THE TASK | Your answer must be only the lines below from the one containing "ADS 5也将首批搭载在猛士车型上,包括全维防碰撞CAS 5.0、车位到车位3.0,打造更安全、更舒适的驾驶体验。" through the one containing "Calendar for 2023", copied exactly, with the pictures left out.

DATA TO PROCESS |
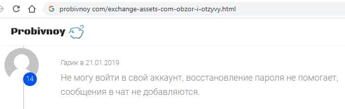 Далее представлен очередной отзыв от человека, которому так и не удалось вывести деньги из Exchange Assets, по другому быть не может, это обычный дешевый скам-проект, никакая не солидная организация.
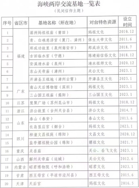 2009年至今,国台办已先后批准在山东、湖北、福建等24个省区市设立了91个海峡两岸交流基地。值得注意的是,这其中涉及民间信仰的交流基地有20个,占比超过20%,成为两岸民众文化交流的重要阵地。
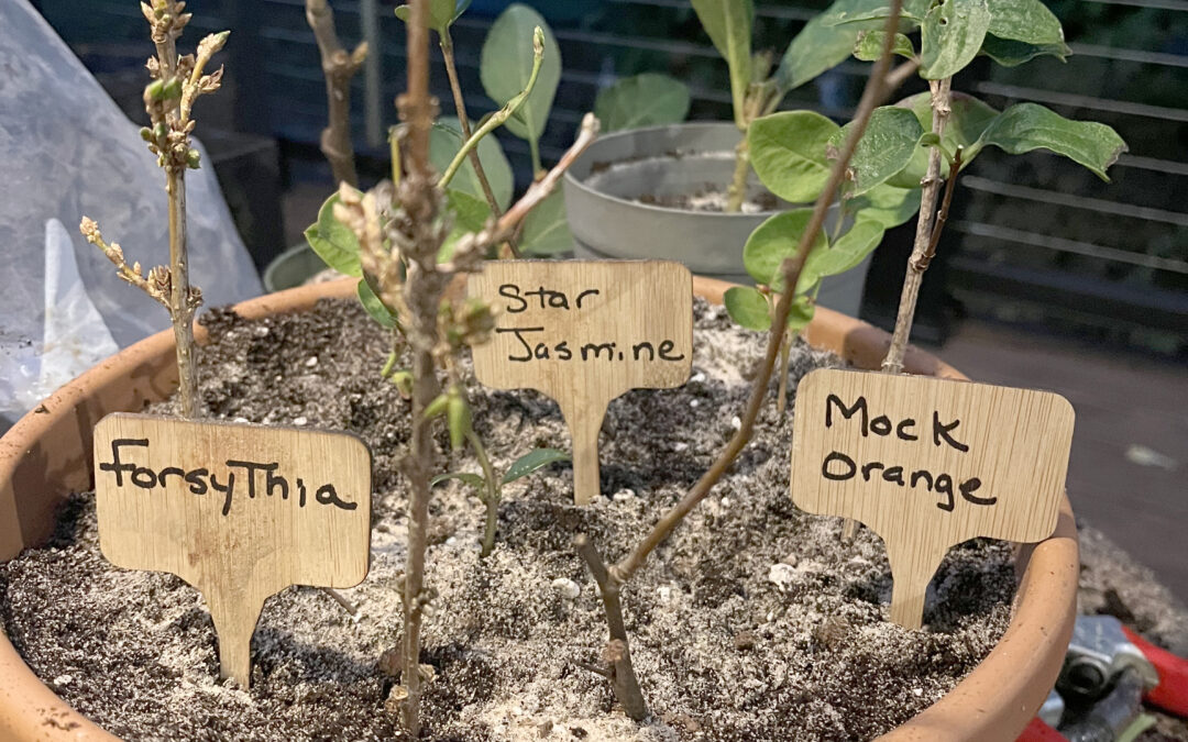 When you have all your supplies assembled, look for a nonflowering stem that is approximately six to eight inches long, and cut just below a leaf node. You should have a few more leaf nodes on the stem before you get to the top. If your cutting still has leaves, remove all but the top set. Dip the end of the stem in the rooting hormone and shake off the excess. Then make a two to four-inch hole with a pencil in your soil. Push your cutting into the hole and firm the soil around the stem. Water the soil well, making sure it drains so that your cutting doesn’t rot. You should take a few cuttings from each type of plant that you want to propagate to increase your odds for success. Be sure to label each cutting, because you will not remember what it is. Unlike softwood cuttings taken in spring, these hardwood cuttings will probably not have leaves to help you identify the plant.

==

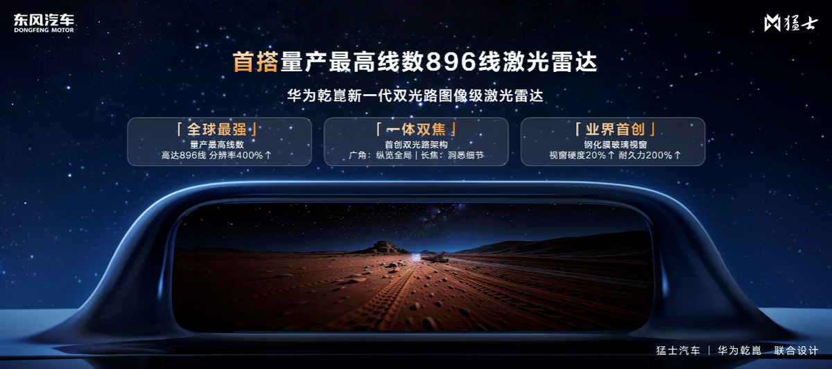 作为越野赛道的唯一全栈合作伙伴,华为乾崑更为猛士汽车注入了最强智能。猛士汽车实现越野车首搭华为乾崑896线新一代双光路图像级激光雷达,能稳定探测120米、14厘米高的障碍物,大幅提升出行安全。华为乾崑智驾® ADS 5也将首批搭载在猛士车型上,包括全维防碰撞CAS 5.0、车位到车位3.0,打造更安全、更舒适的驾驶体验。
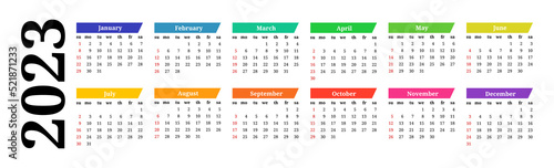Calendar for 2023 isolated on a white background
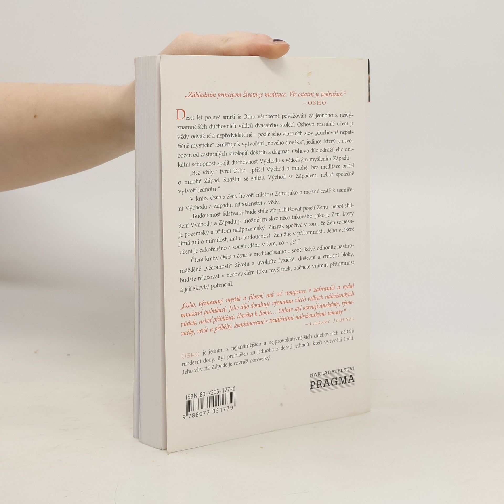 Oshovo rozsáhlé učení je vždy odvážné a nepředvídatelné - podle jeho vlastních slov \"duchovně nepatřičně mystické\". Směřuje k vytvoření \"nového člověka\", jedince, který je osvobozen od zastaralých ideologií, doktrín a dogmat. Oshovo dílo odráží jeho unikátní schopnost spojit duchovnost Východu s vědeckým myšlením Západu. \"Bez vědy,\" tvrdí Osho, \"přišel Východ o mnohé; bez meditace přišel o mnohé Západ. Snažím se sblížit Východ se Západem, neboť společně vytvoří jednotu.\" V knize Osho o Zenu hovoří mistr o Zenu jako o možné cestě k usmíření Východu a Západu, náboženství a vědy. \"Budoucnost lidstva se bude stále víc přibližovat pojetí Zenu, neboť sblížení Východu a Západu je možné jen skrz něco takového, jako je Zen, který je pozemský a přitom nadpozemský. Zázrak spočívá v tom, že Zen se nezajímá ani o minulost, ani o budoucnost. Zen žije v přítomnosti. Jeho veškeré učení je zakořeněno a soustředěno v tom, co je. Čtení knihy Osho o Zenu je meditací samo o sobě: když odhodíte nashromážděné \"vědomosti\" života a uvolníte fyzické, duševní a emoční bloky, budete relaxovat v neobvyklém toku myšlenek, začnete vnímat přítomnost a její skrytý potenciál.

ANSWER SPACE |
 作为越野赛道的唯一全栈合作伙伴,华为乾崑更为猛士汽车注入了最强智能。猛士汽车实现越野车首搭华为乾崑896线新一代双光路图像级激光雷达,能稳定探测120米、14厘米高的障碍物,大幅提升出行安全。华为乾崑智驾® ADS 5也将首批搭载在猛士车型上,包括全维防碰撞CAS 5.0、车位到车位3.0,打造更安全、更舒适的驾驶体验。
Calendar for 2023 isolated on a white background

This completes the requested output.